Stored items
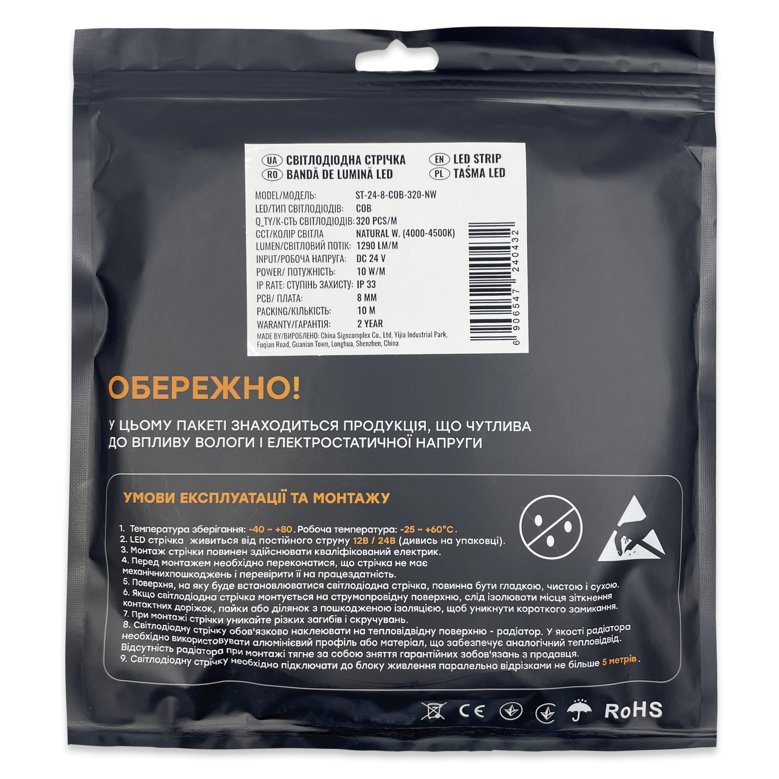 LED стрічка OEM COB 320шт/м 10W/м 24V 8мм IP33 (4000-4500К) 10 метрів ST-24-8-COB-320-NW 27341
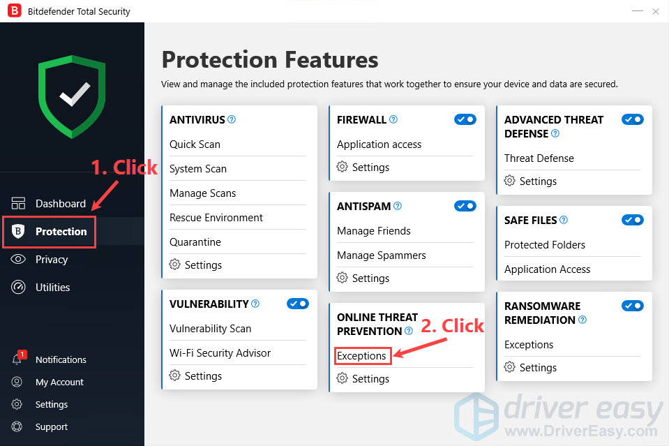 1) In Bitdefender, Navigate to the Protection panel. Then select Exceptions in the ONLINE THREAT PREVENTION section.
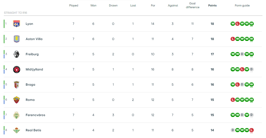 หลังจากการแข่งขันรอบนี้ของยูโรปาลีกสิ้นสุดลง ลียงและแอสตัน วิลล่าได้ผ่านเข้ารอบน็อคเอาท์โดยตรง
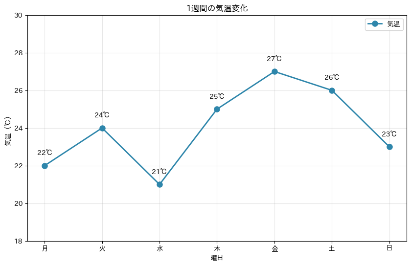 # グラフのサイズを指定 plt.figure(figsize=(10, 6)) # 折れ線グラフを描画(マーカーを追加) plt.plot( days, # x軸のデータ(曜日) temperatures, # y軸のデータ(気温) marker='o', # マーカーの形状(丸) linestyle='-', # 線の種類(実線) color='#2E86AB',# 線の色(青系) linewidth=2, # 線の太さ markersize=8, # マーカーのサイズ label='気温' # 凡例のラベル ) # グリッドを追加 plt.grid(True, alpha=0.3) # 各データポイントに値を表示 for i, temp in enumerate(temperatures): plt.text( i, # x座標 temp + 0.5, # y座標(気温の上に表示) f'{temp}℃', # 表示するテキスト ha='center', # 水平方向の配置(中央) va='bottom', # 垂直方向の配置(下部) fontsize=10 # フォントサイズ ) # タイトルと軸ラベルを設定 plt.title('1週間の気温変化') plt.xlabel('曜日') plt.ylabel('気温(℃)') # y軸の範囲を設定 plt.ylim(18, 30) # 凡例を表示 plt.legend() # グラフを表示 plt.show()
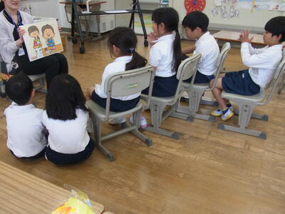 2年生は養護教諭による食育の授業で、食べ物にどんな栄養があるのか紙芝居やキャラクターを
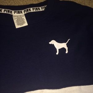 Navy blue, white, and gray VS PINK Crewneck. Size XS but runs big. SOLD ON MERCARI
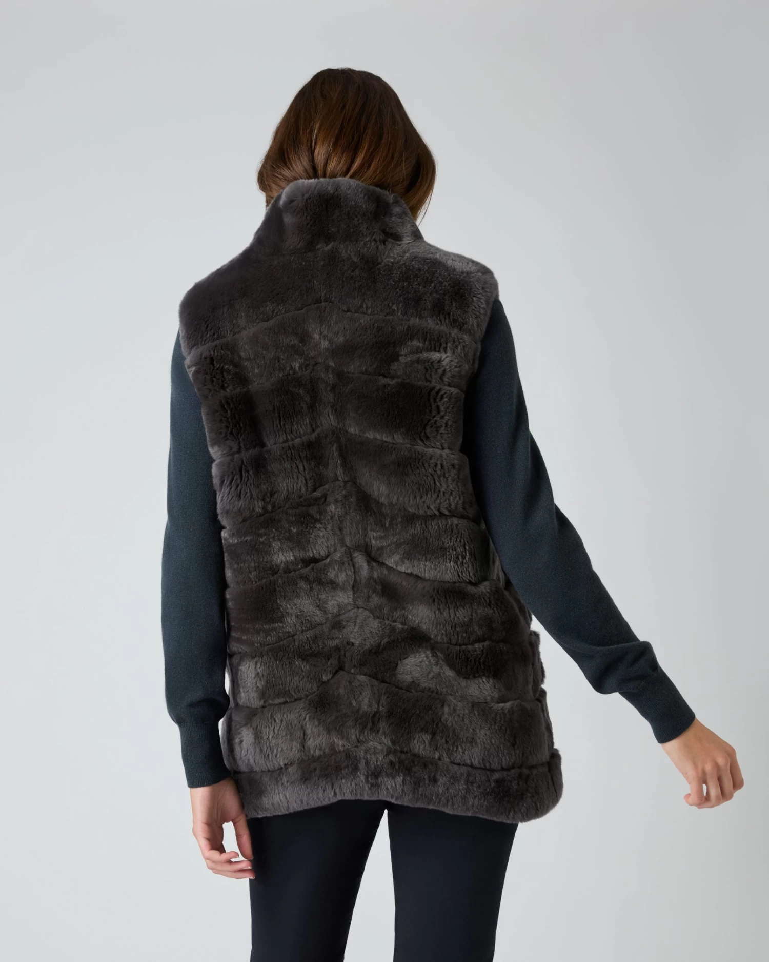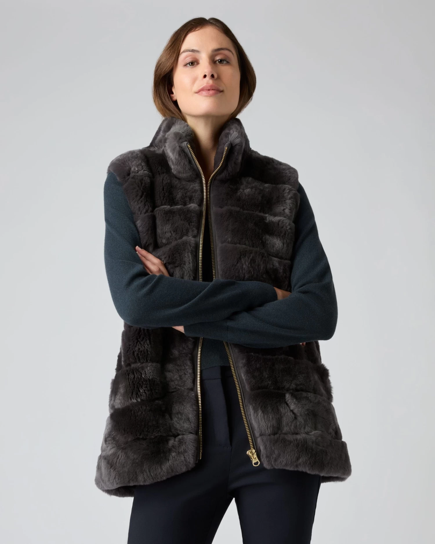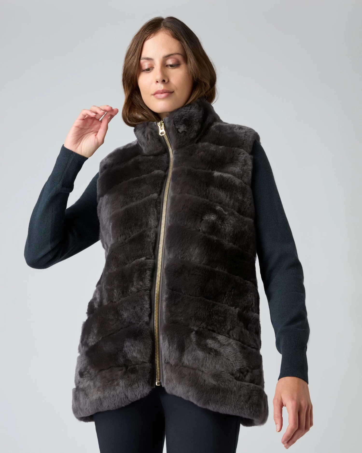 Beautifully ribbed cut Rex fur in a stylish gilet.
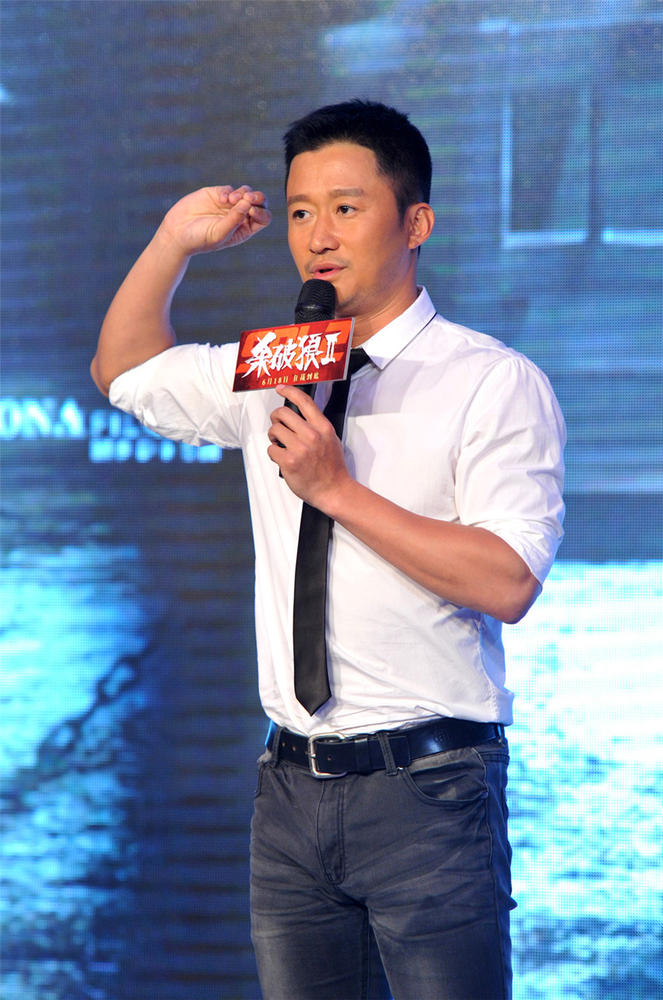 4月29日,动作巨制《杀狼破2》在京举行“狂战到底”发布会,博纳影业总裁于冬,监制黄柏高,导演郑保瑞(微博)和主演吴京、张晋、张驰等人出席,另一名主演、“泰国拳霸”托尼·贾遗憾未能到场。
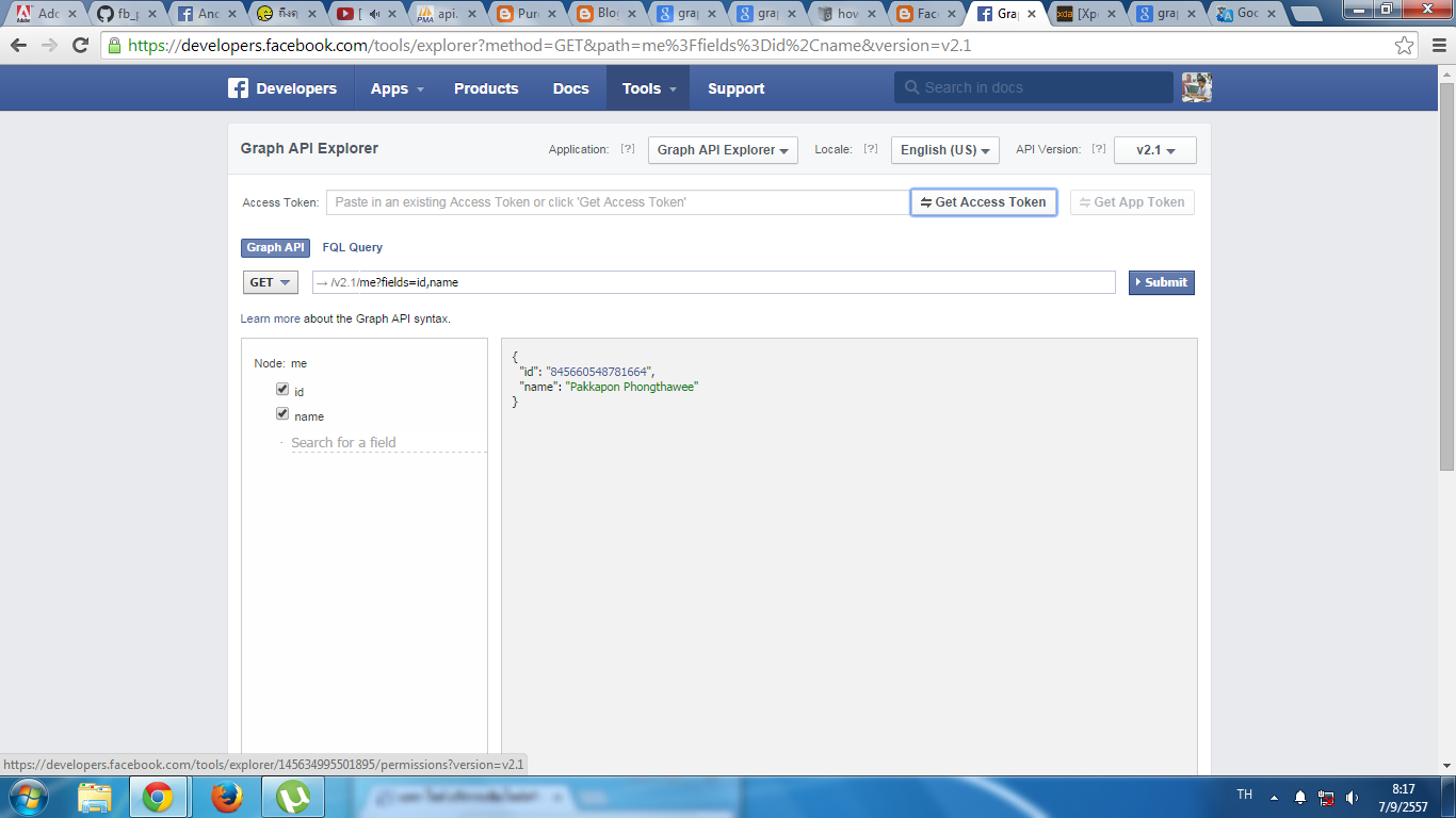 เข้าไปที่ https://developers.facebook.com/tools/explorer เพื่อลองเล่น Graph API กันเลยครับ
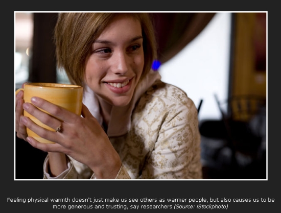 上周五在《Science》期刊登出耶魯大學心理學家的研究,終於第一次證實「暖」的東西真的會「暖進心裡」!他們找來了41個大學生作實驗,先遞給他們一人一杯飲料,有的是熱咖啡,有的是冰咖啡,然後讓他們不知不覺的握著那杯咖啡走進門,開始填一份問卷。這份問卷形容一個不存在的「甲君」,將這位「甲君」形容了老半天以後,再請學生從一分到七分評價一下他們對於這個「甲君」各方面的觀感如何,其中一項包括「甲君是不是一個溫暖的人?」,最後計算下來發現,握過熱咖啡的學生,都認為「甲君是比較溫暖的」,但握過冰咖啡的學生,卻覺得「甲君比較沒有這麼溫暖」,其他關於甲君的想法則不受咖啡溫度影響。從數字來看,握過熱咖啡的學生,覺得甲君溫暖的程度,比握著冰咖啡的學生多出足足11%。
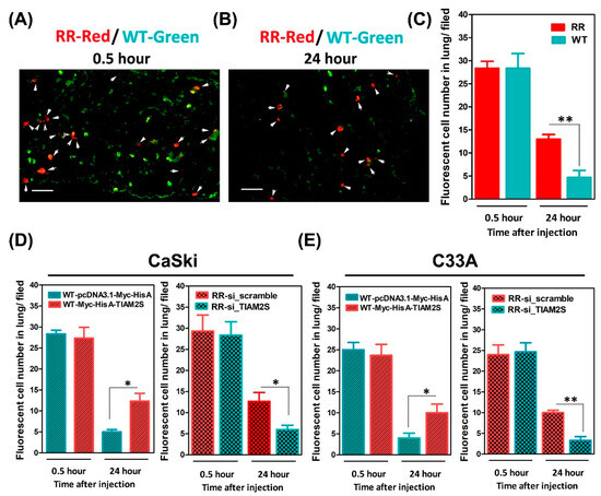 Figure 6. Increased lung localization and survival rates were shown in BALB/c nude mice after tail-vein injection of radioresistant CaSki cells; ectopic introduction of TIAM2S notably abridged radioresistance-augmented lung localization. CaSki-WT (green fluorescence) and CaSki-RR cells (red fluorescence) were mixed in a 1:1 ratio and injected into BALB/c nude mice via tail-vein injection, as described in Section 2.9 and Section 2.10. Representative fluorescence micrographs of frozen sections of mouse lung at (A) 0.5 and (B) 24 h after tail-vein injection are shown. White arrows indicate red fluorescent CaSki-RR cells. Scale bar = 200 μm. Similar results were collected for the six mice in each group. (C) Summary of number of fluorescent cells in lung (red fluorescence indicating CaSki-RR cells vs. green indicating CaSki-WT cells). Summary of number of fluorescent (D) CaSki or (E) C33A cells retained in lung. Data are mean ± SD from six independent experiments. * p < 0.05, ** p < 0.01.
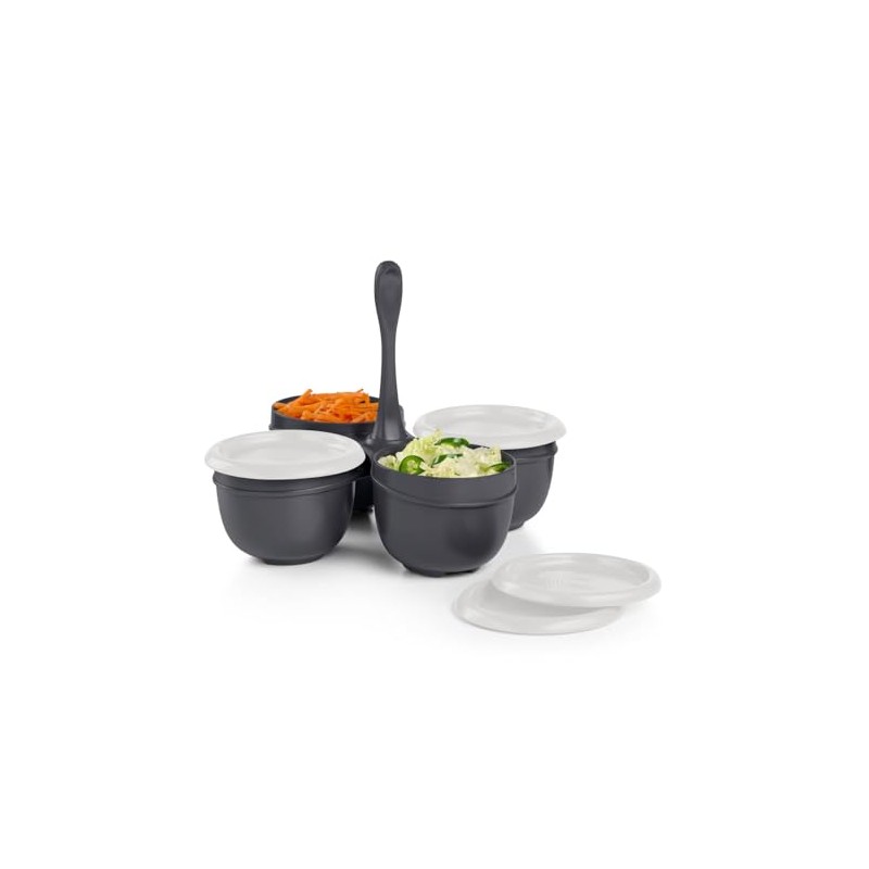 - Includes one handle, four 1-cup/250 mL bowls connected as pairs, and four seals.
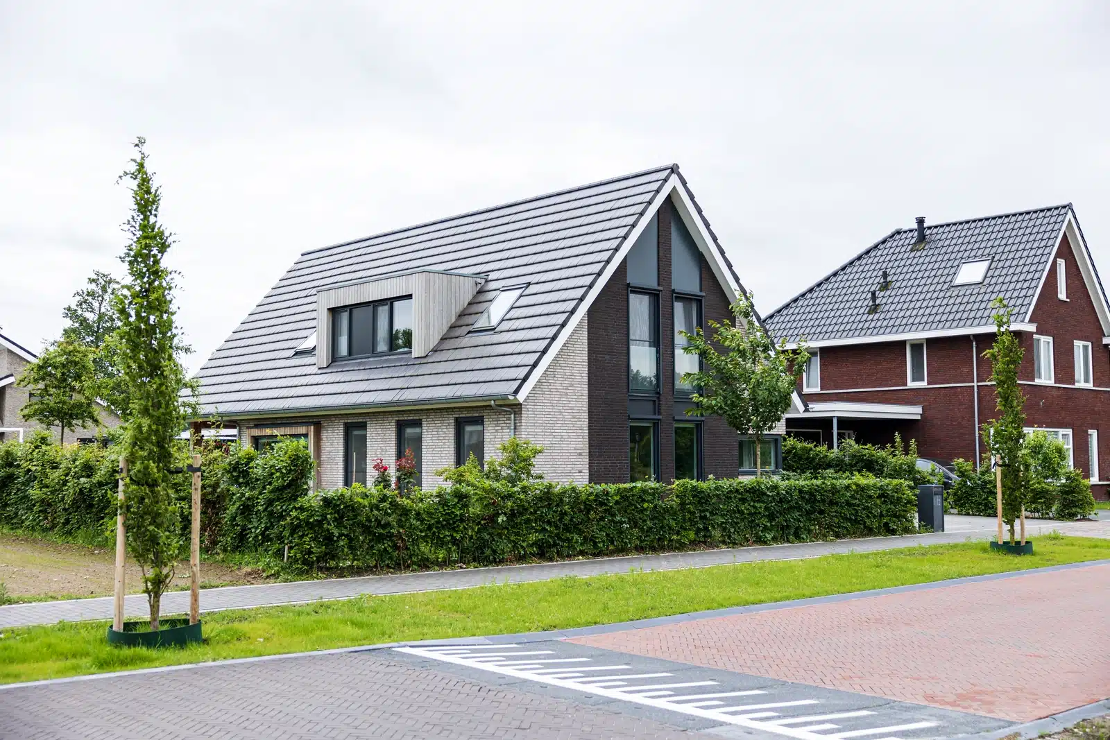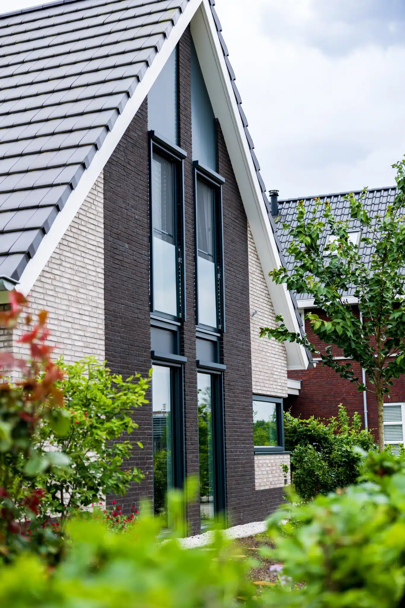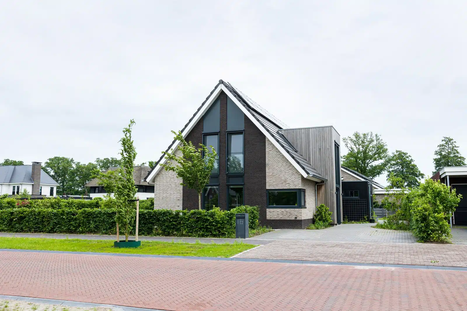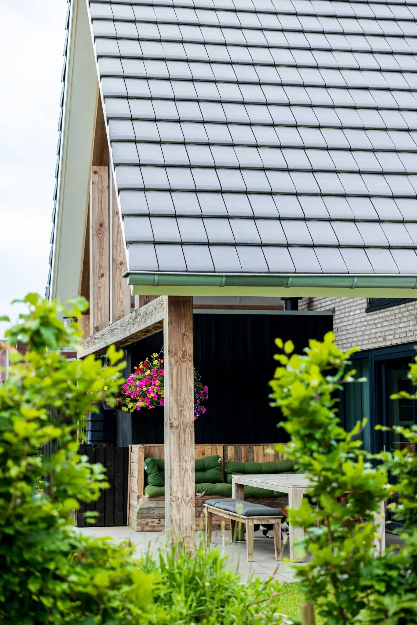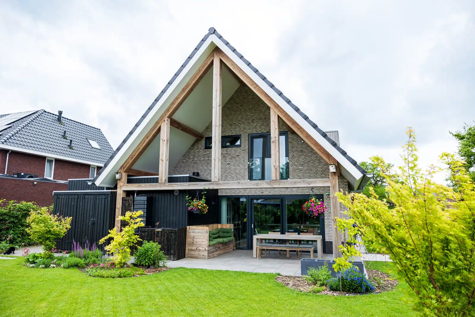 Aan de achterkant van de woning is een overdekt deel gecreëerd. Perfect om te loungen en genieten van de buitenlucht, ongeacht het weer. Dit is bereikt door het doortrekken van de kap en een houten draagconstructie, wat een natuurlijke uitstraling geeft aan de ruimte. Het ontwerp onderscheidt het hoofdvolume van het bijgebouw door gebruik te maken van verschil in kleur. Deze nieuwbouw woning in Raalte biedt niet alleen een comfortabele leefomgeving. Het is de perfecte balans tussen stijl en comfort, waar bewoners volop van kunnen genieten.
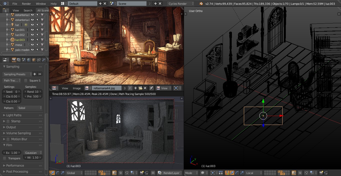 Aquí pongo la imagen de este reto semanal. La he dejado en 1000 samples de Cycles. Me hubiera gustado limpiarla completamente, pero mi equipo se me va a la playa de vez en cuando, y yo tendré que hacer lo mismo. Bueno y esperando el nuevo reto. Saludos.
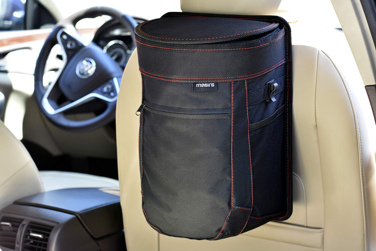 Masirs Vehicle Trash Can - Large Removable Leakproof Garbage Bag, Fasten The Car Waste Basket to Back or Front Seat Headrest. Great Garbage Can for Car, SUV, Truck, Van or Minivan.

Activity:
Could you transcribe every entry above exactly, leaving out the images?

Exercise solution:
 LED стрічка OEM COB 320шт/м 10W/м 24V 8мм IP33 (4000-4500К) 10 метрів ST-24-8-COB-320-NW 27341
 1) In Bitdefender, Navigate to the Protection panel. Then select Exceptions in the ONLINE THREAT PREVENTION section.
 หลังจากการแข่งขันรอบนี้ของยูโรปาลีกสิ้นสุดลง ลียงและแอสตัน วิลล่าได้ผ่านเข้ารอบน็อคเอาท์โดยตรง
 # グラフのサイズを指定 plt.figure(figsize=(10, 6)) # 折れ線グラフを描画(マーカーを追加) plt.plot( days, # x軸のデータ(曜日) temperatures, # y軸のデータ(気温) marker='o', # マーカーの形状(丸) linestyle='-', # 線の種類(実線) color='#2E86AB',# 線の色(青系) linewidth=2, # 線の太さ markersize=8, # マーカーのサイズ label='気温' # 凡例のラベル ) # グリッドを追加 plt.grid(True, alpha=0.3) # 各データポイントに値を表示 for i, temp in enumerate(temperatures): plt.text( i, # x座標 temp + 0.5, # y座標(気温の上に表示) f'{temp}℃', # 表示するテキスト ha='center', # 水平方向の配置(中央) va='bottom', # 垂直方向の配置(下部) fontsize=10 # フォントサイズ ) # タイトルと軸ラベルを設定 plt.title('1週間の気温変化') plt.xlabel('曜日') plt.ylabel('気温(℃)') # y軸の範囲を設定 plt.ylim(18, 30) # 凡例を表示 plt.legend() # グラフを表示 plt.show()
 2年生は養護教諭による食育の授業で、食べ物にどんな栄養があるのか紙芝居やキャラクターを
 Navy blue, white, and gray VS PINK Crewneck. Size XS but runs big. SOLD ON MERCARI
 Beautifully ribbed cut Rex fur in a stylish gilet.
 4月29日,动作巨制《杀狼破2》在京举行“狂战到底”发布会,博纳影业总裁于冬,监制黄柏高,导演郑保瑞(微博)和主演吴京、张晋、张驰等人出席,另一名主演、“泰国拳霸”托尼·贾遗憾未能到场。
 เข้าไปที่ https://developers.facebook.com/tools/explorer เพื่อลองเล่น Graph API กันเลยครับ
 上周五在《Science》期刊登出耶魯大學心理學家的研究,終於第一次證實「暖」的東西真的會「暖進心裡」!他們找來了41個大學生作實驗,先遞給他們一人一杯飲料,有的是熱咖啡,有的是冰咖啡,然後讓他們不知不覺的握著那杯咖啡走進門,開始填一份問卷。這份問卷形容一個不存在的「甲君」,將這位「甲君」形容了老半天以後,再請學生從一分到七分評價一下他們對於這個「甲君」各方面的觀感如何,其中一項包括「甲君是不是一個溫暖的人?」,最後計算下來發現,握過熱咖啡的學生,都認為「甲君是比較溫暖的」,但握過冰咖啡的學生,卻覺得「甲君比較沒有這麼溫暖」,其他關於甲君的想法則不受咖啡溫度影響。從數字來看,握過熱咖啡的學生,覺得甲君溫暖的程度,比握著冰咖啡的學生多出足足11%。
 Figure 6. Increased lung localization and survival rates were shown in BALB/c nude mice after tail-vein injection of radioresistant CaSki cells; ectopic introduction of TIAM2S notably abridged radioresistance-augmented lung localization. CaSki-WT (green fluorescence) and CaSki-RR cells (red fluorescence) were mixed in a 1:1 ratio and injected into BALB/c nude mice via tail-vein injection, as described in Section 2.9 and Section 2.10. Representative fluorescence micrographs of frozen sections of mouse lung at (A) 0.5 and (B) 24 h after tail-vein injection are shown. White arrows indicate red fluorescent CaSki-RR cells. Scale bar = 200 μm. Similar results were collected for the six mice in each group. (C) Summary of number of fluorescent cells in lung (red fluorescence indicating CaSki-RR cells vs. green indicating CaSki-WT cells). Summary of number of fluorescent (D) CaSki or (E) C33A cells retained in lung. Data are mean ± SD from six independent experiments. * p < 0.05, ** p < 0.01.
 - Includes one handle, four 1-cup/250 mL bowls connected as pairs, and four seals.
 Aan de achterkant van de woning is een overdekt deel gecreëerd. Perfect om te loungen en genieten van de buitenlucht, ongeacht het weer. Dit is bereikt door het doortrekken van de kap en een houten draagconstructie, wat een natuurlijke uitstraling geeft aan de ruimte. Het ontwerp onderscheidt het hoofdvolume van het bijgebouw door gebruik te maken van verschil in kleur. Deze nieuwbouw woning in Raalte biedt niet alleen een comfortabele leefomgeving. Het is de perfecte balans tussen stijl en comfort, waar bewoners volop van kunnen genieten.
 Aquí pongo la imagen de este reto semanal. La he dejado en 1000 samples de Cycles. Me hubiera gustado limpiarla completamente, pero mi equipo se me va a la playa de vez en cuando, y yo tendré que hacer lo mismo. Bueno y esperando el nuevo reto. Saludos.
 Masirs Vehicle Trash Can - Large Removable Leakproof Garbage Bag, Fasten The Car Waste Basket to Back or Front Seat Headrest. Great Garbage Can for Car, SUV, Truck, Van or Minivan.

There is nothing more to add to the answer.